# Hideaway actuators: Some good, some bad?



## MO Goat (Apr 7, 2011)

I see varying prices on hideaway actuators from different suppliers and I've recently heard that some are great and some are way below par.

Does anyone have any experience with good ones? Any makes to stay away from? Are they all from the same supplier anyways? 

I haven't come across any full rebuild kits. Is that the route to go? 

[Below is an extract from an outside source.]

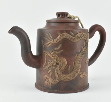 A group of six late Qing or later export famille rose plates. Each plate decorated with bouquet of flower design. Hallmark to the base. Further, a Republic period Yixing zisha clay teapot. Measures approx. 13.5cm diameter.
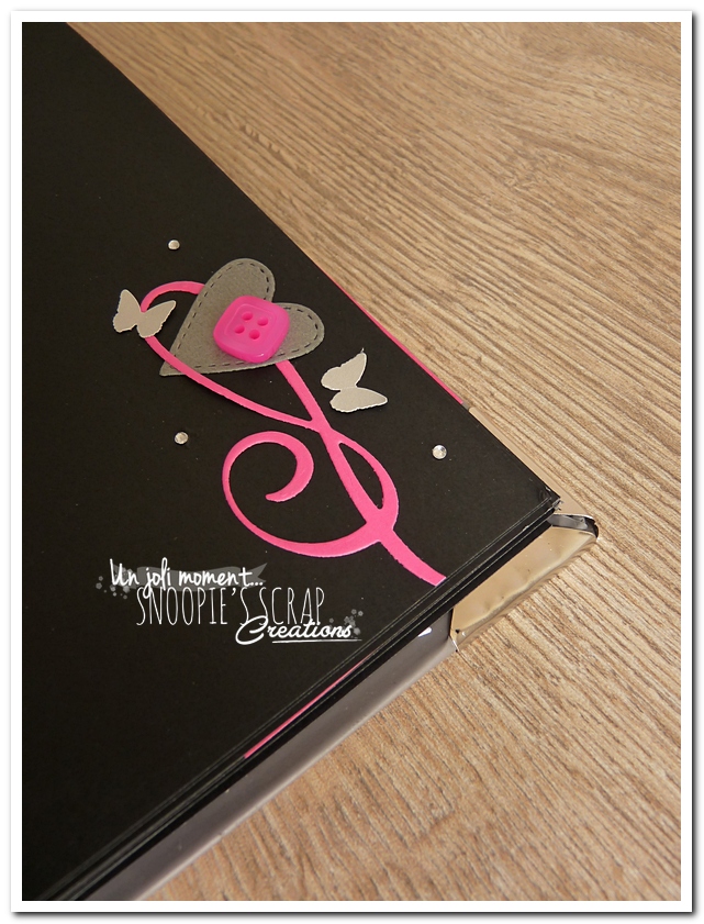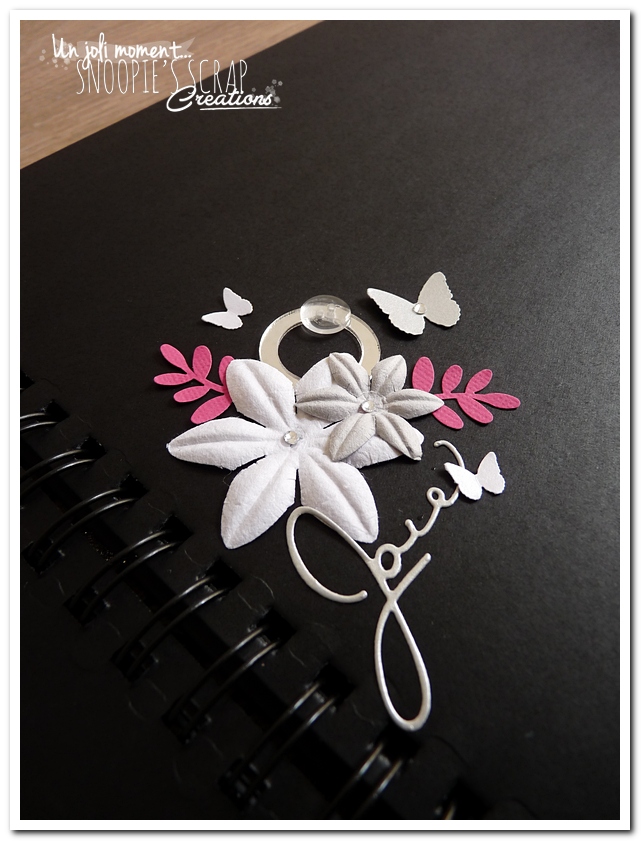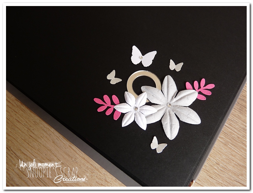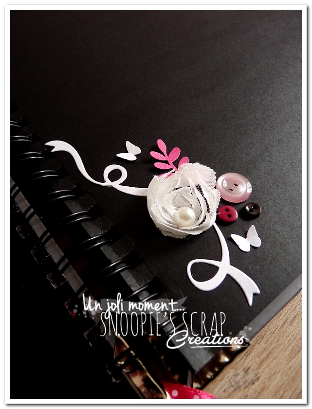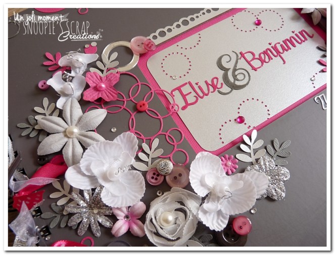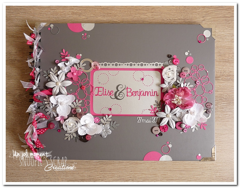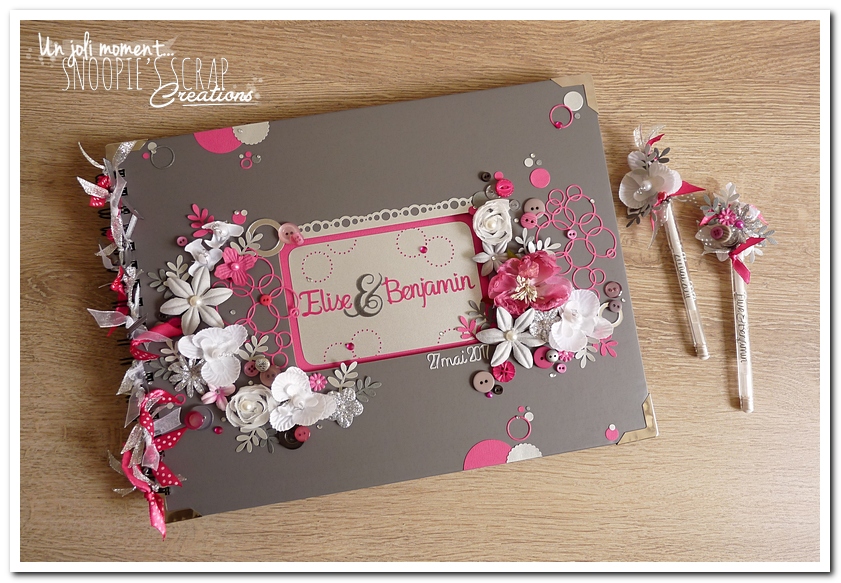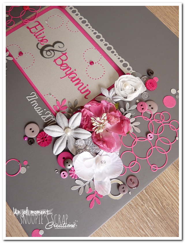 livre d’or, mariage Elise & Benjamin, boutons, blanc fushia &gris (touches argentées), fleurs (& bulles), mariage, wedding, pink, white, flowers, roses, orchidées, perles, strass, rubans, guest book.formule ENJOY

Any other tips like should I replace the bushings while I'm in there? I assume "yes". Reuse the vacuum canister or buy a fresh one? Etc.

Thank you.


----------



## jmt455 (Mar 26, 2012)

I just rebuilt mine this week...they work perfectly now.
AMES Performance, Performance Years and Inline Tube (probably others also) sell all the repair parts.

The upper seal and bellows made mine work like new.

I would replace all the bushings and the door stops...might as well do it while you're in there.
I'd reuse the canister if it's not showing any corrosion.


----------



## MO Goat (Apr 7, 2011)

Thanks for the tip and I looked through my Ames "toy catalog" and saw the upper seal (part #146A) but didn't notice a "bellow". Any suggestions?

Also, are the headlight door savers worth buying? Probably need to buy the hose kit too.

What paint did you use to repaint the covers the stock gray? Sand and primer first?


----------



## jmt455 (Mar 26, 2012)

What I called bellows is the dust boot. AMES part # B146AK.

If you're asking about the paint color of the headlight doors, you can probably get the exact, correct "argent" color blended at an auto body supply store. I have found that krylon's "dull aluminum" is a very close match. 

I've never used the door savers, but I plan to order a pair for my car.
HTH.


----------



## BearGFR (Aug 25, 2008)

I had my local auto-body supplier mix me up a quart of Nason single-stage urethane Argent Silver that looks really good. You can probably find the Ditzler paint code laying around on the internet somewhere that any supplier should be able to cross-reference.

The mix code on the label of mine says:
Mix Size 32.0 oz
430-32 Bright Med Aluminum 295.1
430-02 Carbon Black 14.1
435-91 Urethane Binder 612.7

The paint "line" is Nason Ful-Thane 2k Urethane. Nason is DuPont's "economy" line.

Bear


----------